La voix du secrétaire (Jean)
Présents à la réunion, en fonction de la disposition autour de la table :
Nous avons mangé des pizzas Santa Monica et calzone sans fromage, des salades italiennes, des pâtes (je ne sais plus lequelles), une coupe colonel, une coupe à deux boules de vanille, une coupe avec une boule de vanille et une boule de chocolat, un gateau au chocolat et un tiramisu. Nous avons bu de l'orangina, de la menthe à l'eau, un kir, et de la bière. Le lemoncello et l'amaretto étaient offerts par la maison.
Nous avons parlé de Perl, Internet, informatique et points divers.

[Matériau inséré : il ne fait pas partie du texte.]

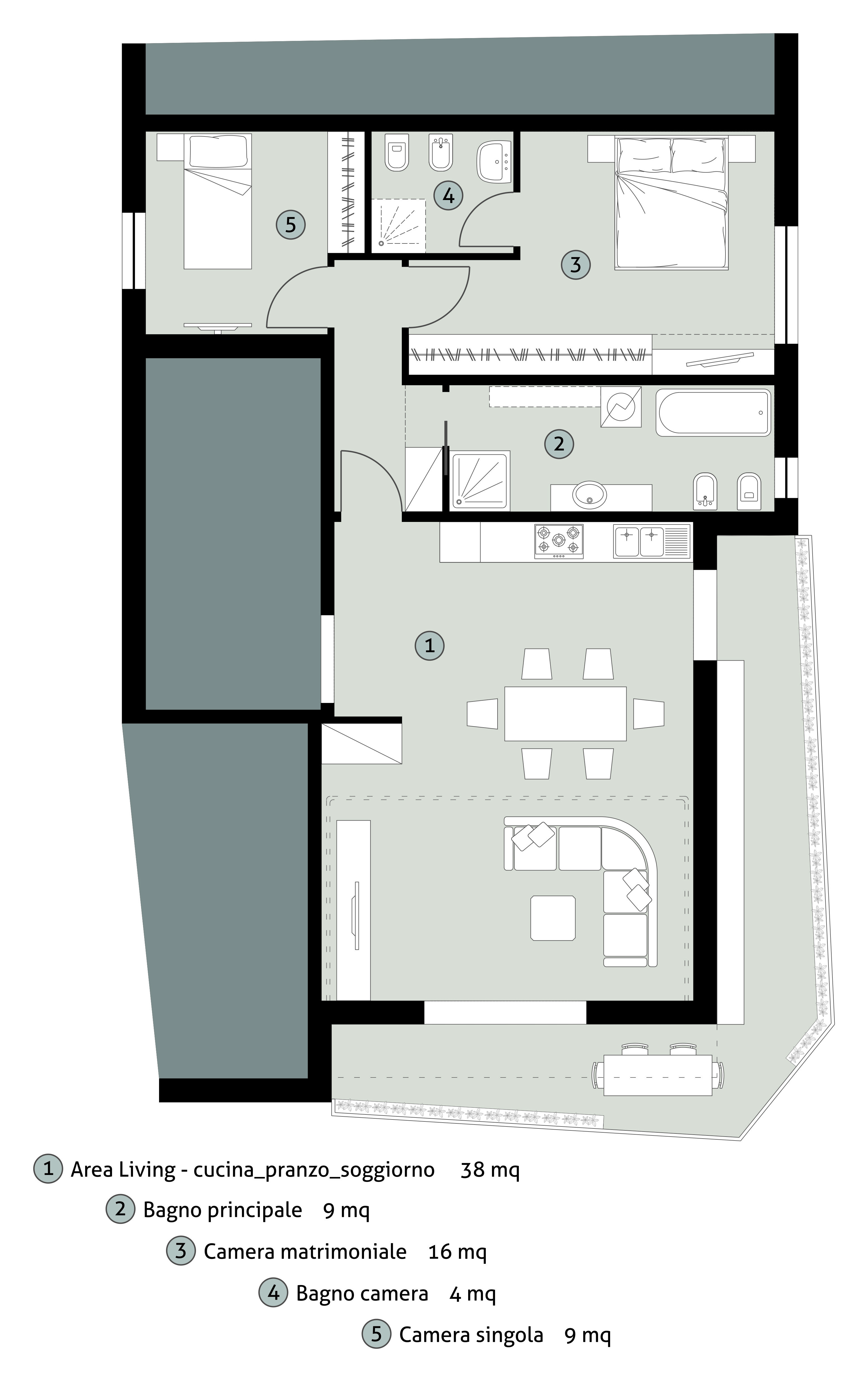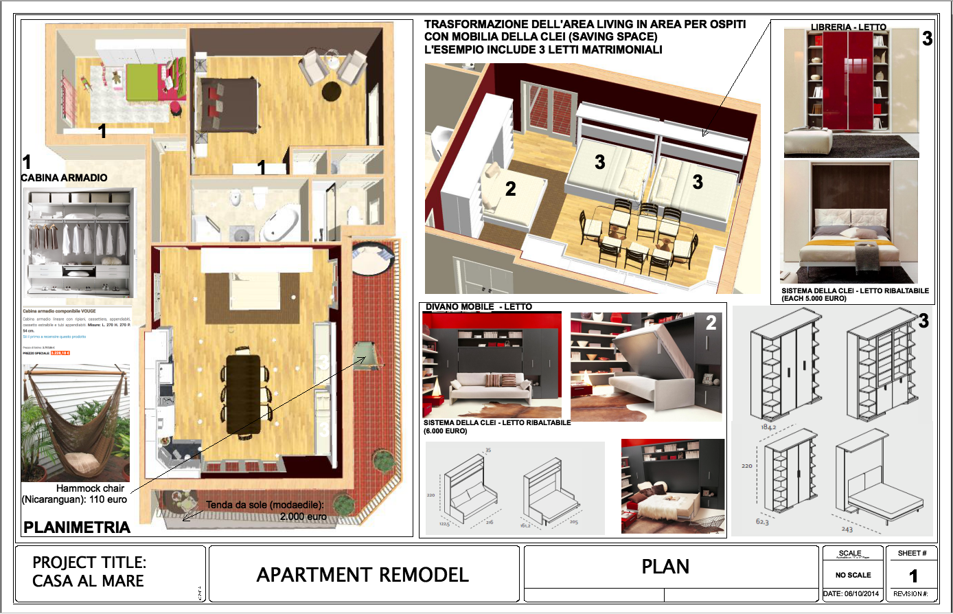 - Balcone: prevedere delle tende davanti alla zona living e delle soluzioni per rendere piacevole ed accogliente una eventuale permanenza sul balcone (tavolino per colazione, eventuali grate e fioriere).

Un avion se trouve sur un tapis roulant animé d'une vitesse de 160 km/h vers l'arrière. L'avion a lui-même une vitesse de 160 km/h vers l'avant. Va-t-il décoller ?Ma première interprétation était que la deuxième valeur 160 représentait la vitesse de l'avion par rapport au tapis roulant. Donc l'avion a une vitesse nulle par rapport à la piste et il ne décolle pas. Une meilleure formulation serait la suivante
Un avion se trouve sur un tapis roulant animé d'une vitesse de 160 km/h vers l'arrière. L'avion est en régime de décollage, ce qui se traduit habituellement par une vitesse de 160 km/h vers l'avant. Va-t-il décoller ?La réponse est que l'avion décolle normalement, ce qui peut surprendre les gens qui n'ont pas l'habitude des calculs de la mécanique du vol. Prenons le cas d'un avion décollant à partir d'une piste en béton, sans tapis roulant. S'il est en régime de décollage avec une vitesse stabilisée de 160 km/h, cela signifie que les réacteurs ont une poussée qui compense exactement les forces s'opposant au mouvement. Ces forces sont la traînée aérodynamique (pifométriquement 99%) et les forces de frottement dans les essieux du train d'atterrissage (pifométriquement 1%). Si, maintenant, l'avion se trouve sur un tapis roulant, les « parts de marché » de la traînée et des frottements passent, toujours pifométriquement, à 98% et 2%. On aura donc toujours un avion avec une vitesse-air de 160 km/h (ou peut-être seulement 158 km/h) et une vitesse-sol de 320 km/h par rapport au tapis roulant. L'avion pourra donc décoller. Le seul problème, que rappelle Laurent, c'est que le train d'atterrissage a été conçu pour une vitesse nominale de 160 km/h et qu'il risque de céder si on lui impose une vitesse de 320 km/h.